Information typing is the professional writer’s secret ingredient for RAG success
Content strategy is needed more than ever in the era of RAG.
What is RAG?
Retrieval-augmented generation (RAG) is a technique for using a large language model (LLM) to generate reliable, accurate output by grounding that output in content from a knowledge base.
For example, to use RAG to answer a question about a software product, you would perform the following steps:
- Search the online product documentation for an article that contains information to answer the question
- Extract the HTML contents of that article and convert it to plain text
- Submit the following prompt to an LLM:
Article:
------
<article-text-here>
------
Answer the following question using only information from the article.
If there is no good answer in the article, say "I don't know".
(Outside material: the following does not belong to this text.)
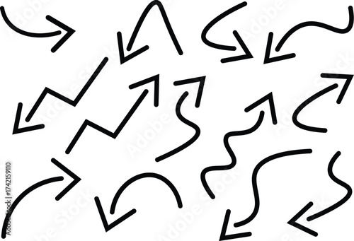Minimal black arrow set vector illustration in hand drawn doodle style featuring simple direction icons ideal for infographic design, business charts, and creative visual guides.
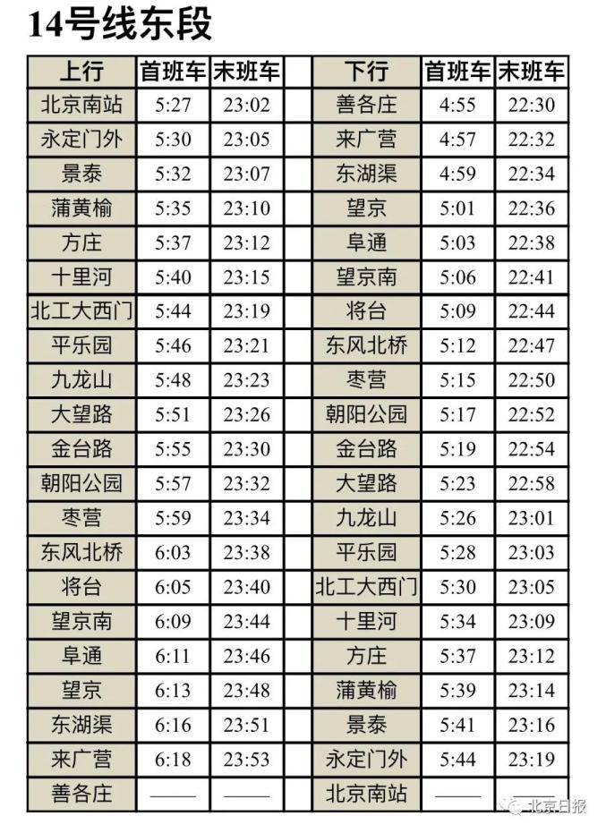 14号线东段北京南站至善各庄站方向各站首班车发车时间提前了3分钟,末班车发车时间延后了22分钟;善各庄站至北京南站各站首班车发车时间提前了5分钟。

Question: <user-question-here>
Answer:
Search is critical for RAG success
The first step in that RAG pattern, search, is critical. If you cannot find the relevant information in your knowledge base, your LLM won’t be able to generate a good result.
Many strategies have been proposed for implementing effective search. Some of those strategies are pretty elaborate. But a simple technique that can really boosts results is to use information typing.
What is information typing?
Topic-based writing involves breaking content up into small, complete, self-contained articles (called topics) that are each about only one subject. Information typing involves defining topic types according to the nature of their content or their purpose.
Here are three examples of topic types:
- Explain a concept
- Describe the steps to perform a task
- List detailed reference information
(You could decide to create other types too. Whatever makes sense for your content.)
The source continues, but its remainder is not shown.